Work request →
What is needed is an exact reproduction of the lines in the records below, starting at the line with "Отправляем овощи в" and ending at the line with "Nature's Bounty Легкодоступное", both included, and nothing else; pictures stay out.

Records to use →

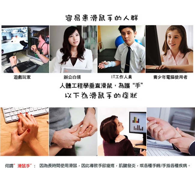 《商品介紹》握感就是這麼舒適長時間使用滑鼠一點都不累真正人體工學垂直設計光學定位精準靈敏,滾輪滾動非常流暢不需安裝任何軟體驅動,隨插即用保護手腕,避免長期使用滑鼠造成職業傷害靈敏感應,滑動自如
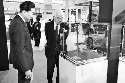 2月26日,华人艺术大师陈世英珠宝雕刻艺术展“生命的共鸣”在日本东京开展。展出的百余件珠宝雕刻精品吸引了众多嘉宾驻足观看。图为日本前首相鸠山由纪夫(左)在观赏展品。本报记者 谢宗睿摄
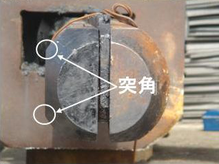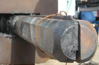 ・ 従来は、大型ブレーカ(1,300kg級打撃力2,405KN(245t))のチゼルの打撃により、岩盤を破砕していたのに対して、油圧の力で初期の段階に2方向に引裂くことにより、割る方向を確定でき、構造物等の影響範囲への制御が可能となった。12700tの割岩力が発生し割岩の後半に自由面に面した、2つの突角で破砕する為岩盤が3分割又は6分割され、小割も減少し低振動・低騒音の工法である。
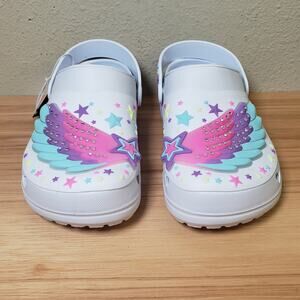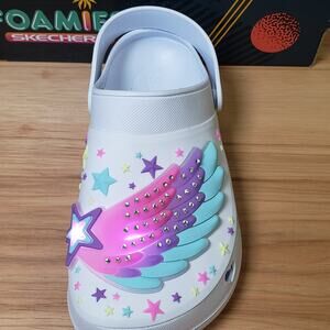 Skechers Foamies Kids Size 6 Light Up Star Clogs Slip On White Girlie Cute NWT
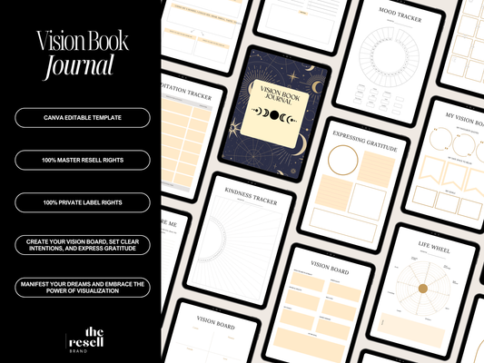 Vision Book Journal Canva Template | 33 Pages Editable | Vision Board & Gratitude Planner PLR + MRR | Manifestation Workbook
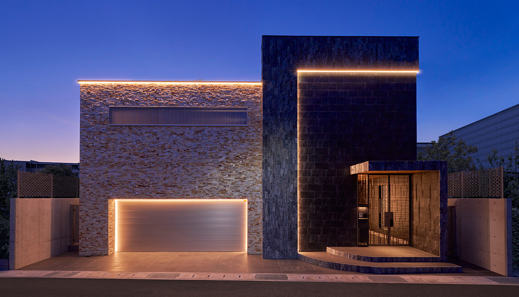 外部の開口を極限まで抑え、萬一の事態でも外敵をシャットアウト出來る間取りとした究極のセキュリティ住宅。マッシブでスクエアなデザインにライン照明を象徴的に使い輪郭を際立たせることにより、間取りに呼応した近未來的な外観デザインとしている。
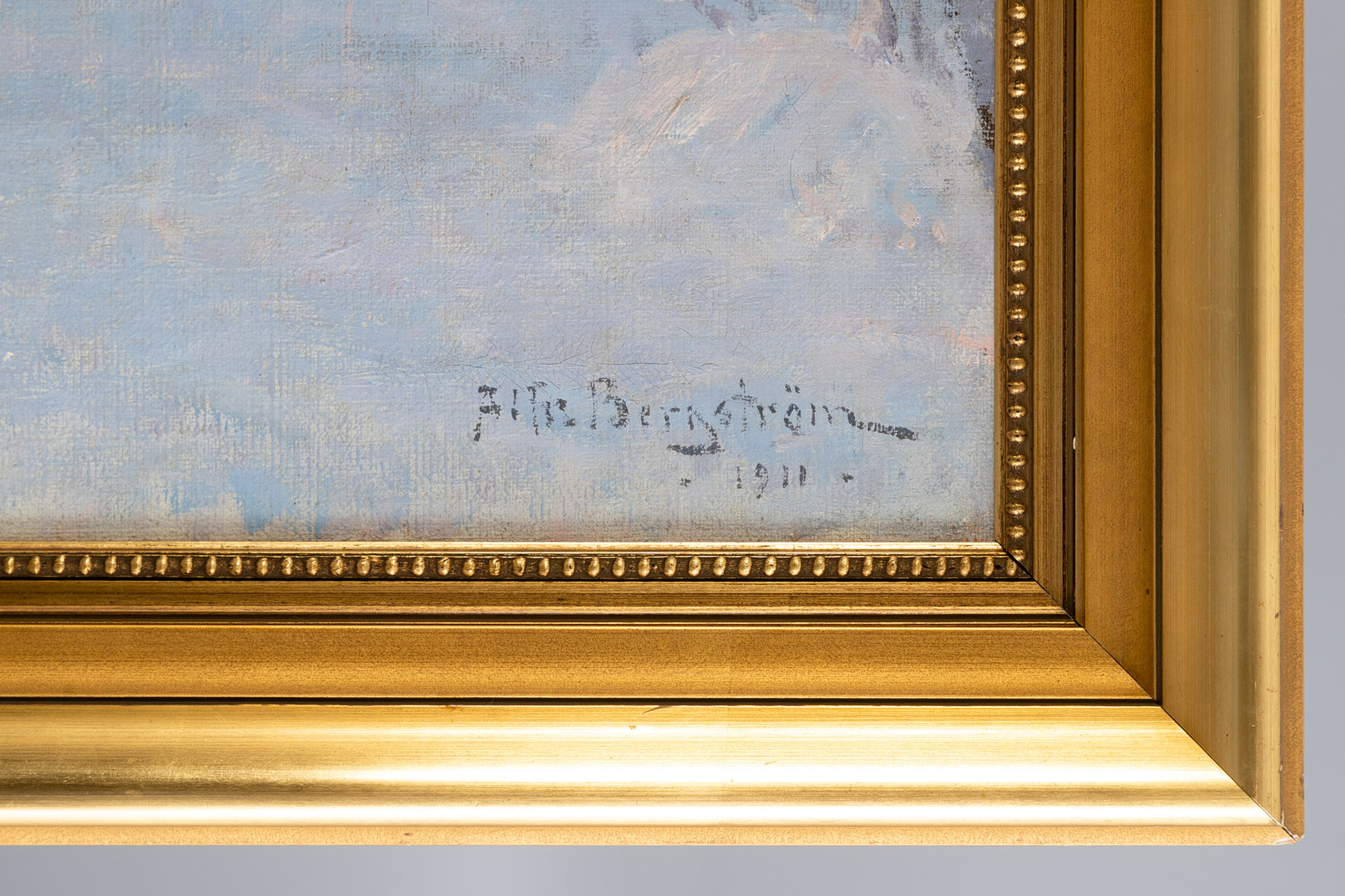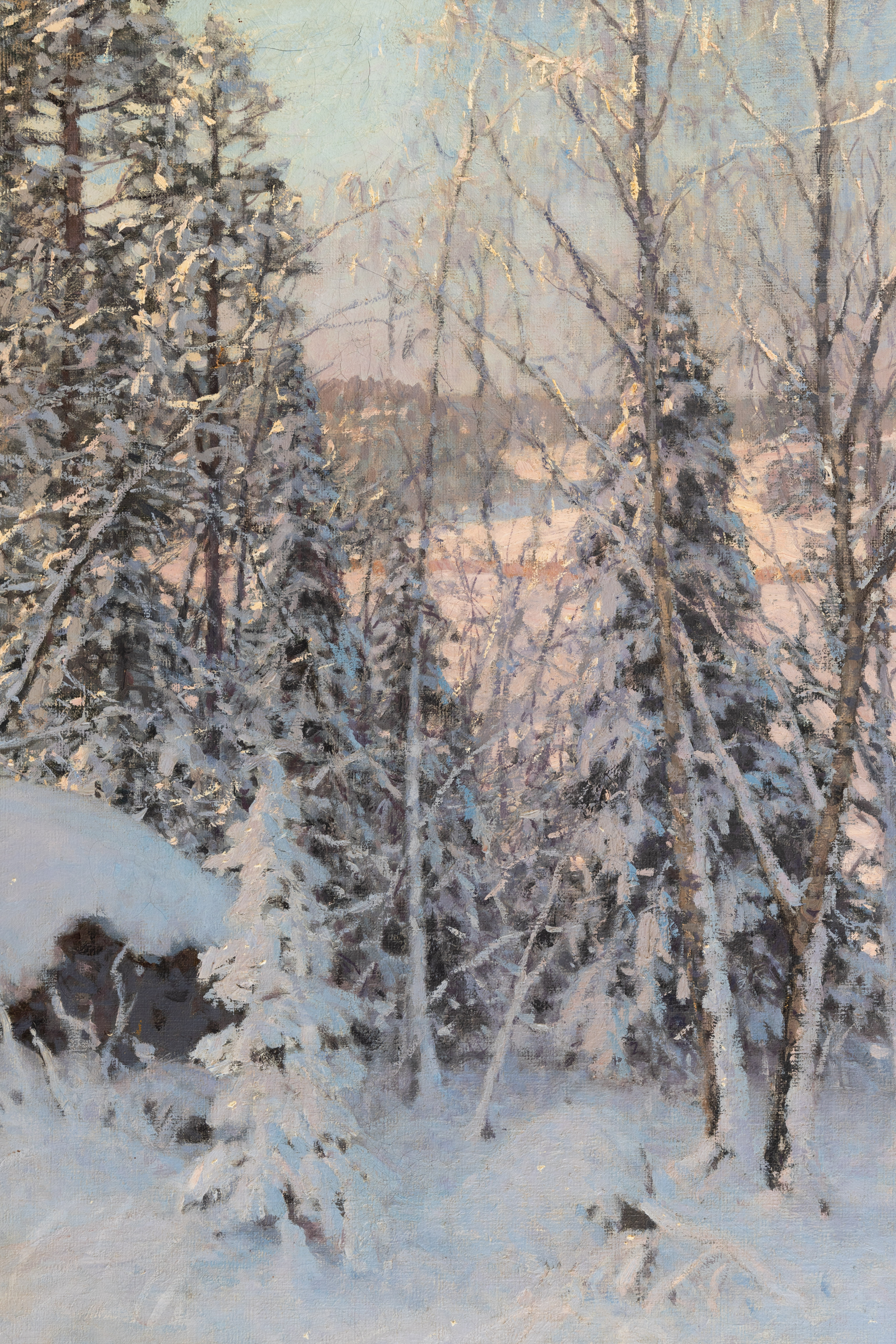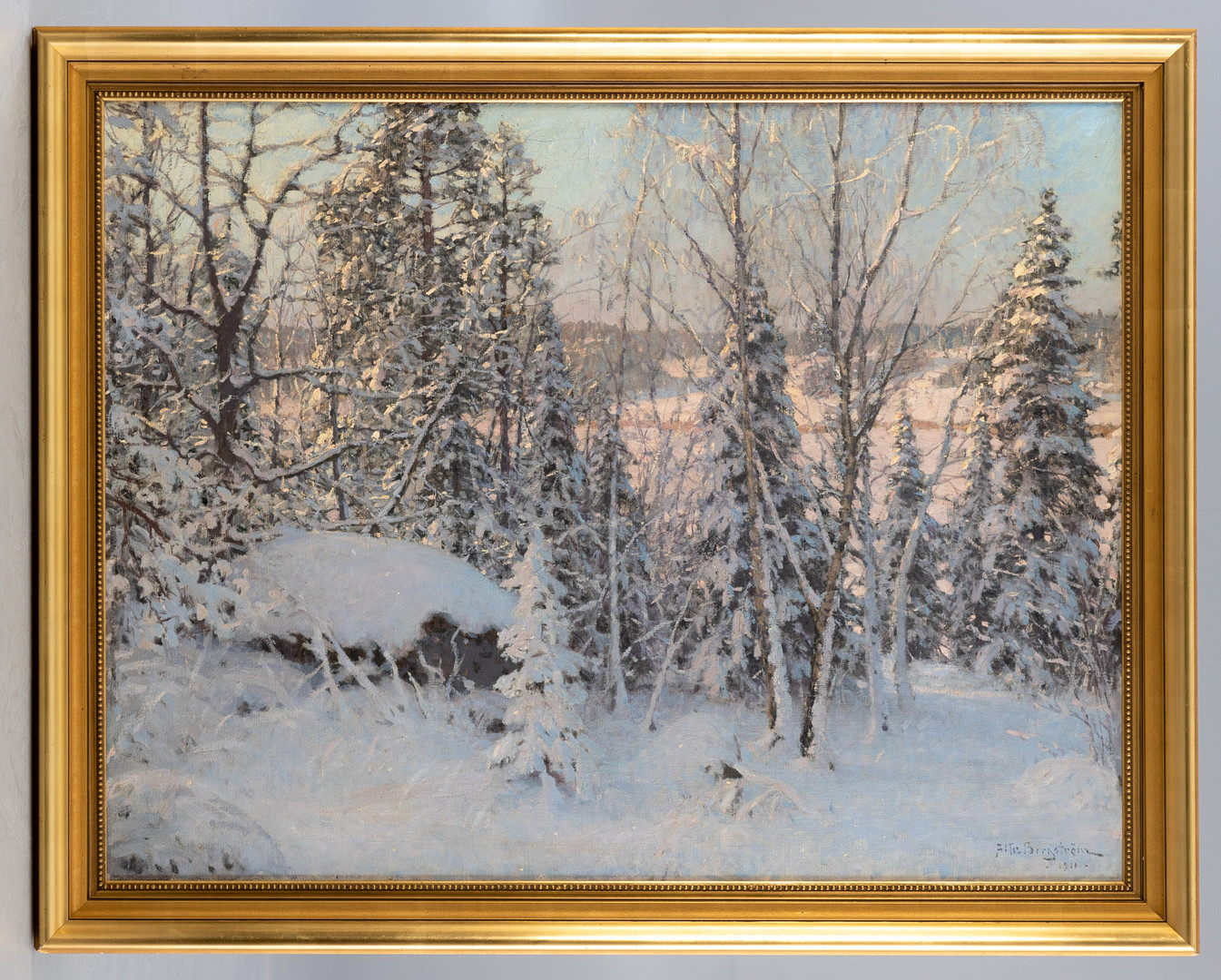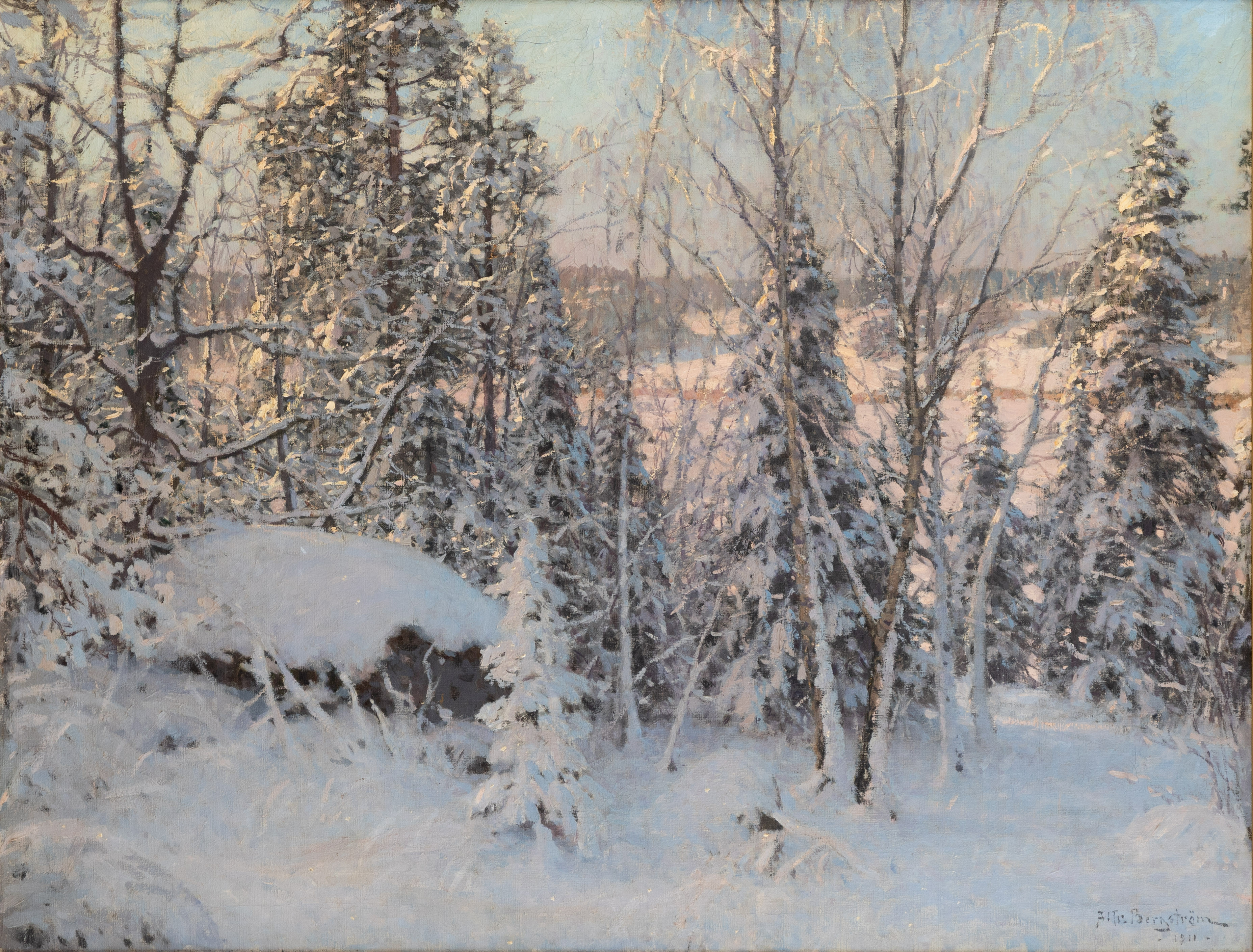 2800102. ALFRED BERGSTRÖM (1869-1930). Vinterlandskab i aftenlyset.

* * *

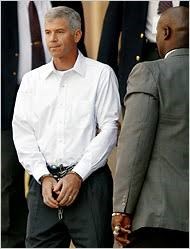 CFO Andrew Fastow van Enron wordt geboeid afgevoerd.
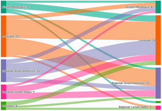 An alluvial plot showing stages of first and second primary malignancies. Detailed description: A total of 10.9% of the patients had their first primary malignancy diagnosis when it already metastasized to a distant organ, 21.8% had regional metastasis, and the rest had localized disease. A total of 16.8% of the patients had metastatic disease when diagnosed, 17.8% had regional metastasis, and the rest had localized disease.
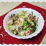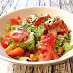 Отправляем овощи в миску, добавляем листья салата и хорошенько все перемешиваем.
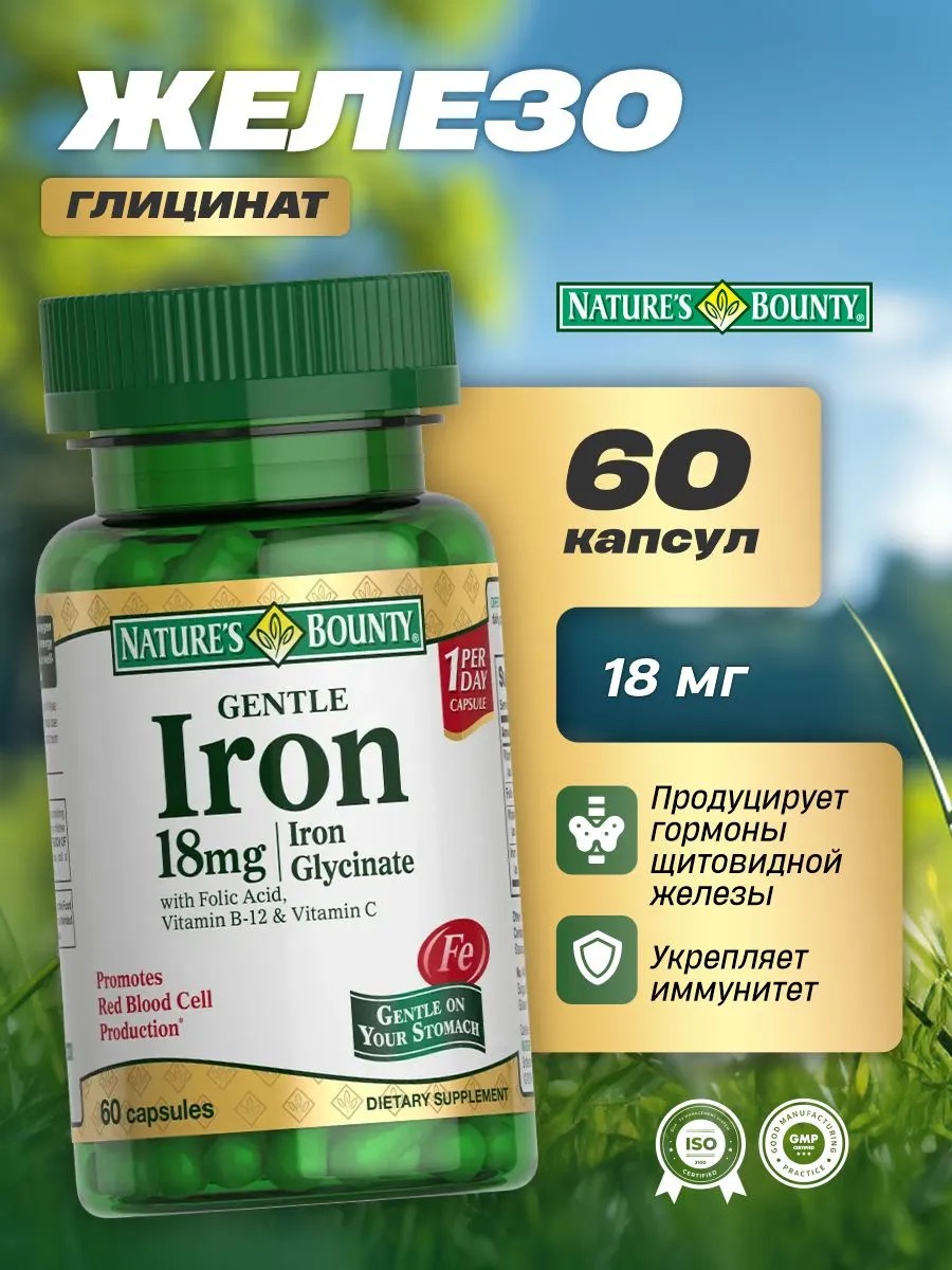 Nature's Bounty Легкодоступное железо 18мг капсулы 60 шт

Result below →
 Отправляем овощи в миску, добавляем листья салата и хорошенько все перемешиваем.
 Nature's Bounty Легкодоступное железо 18мг капсулы 60 шт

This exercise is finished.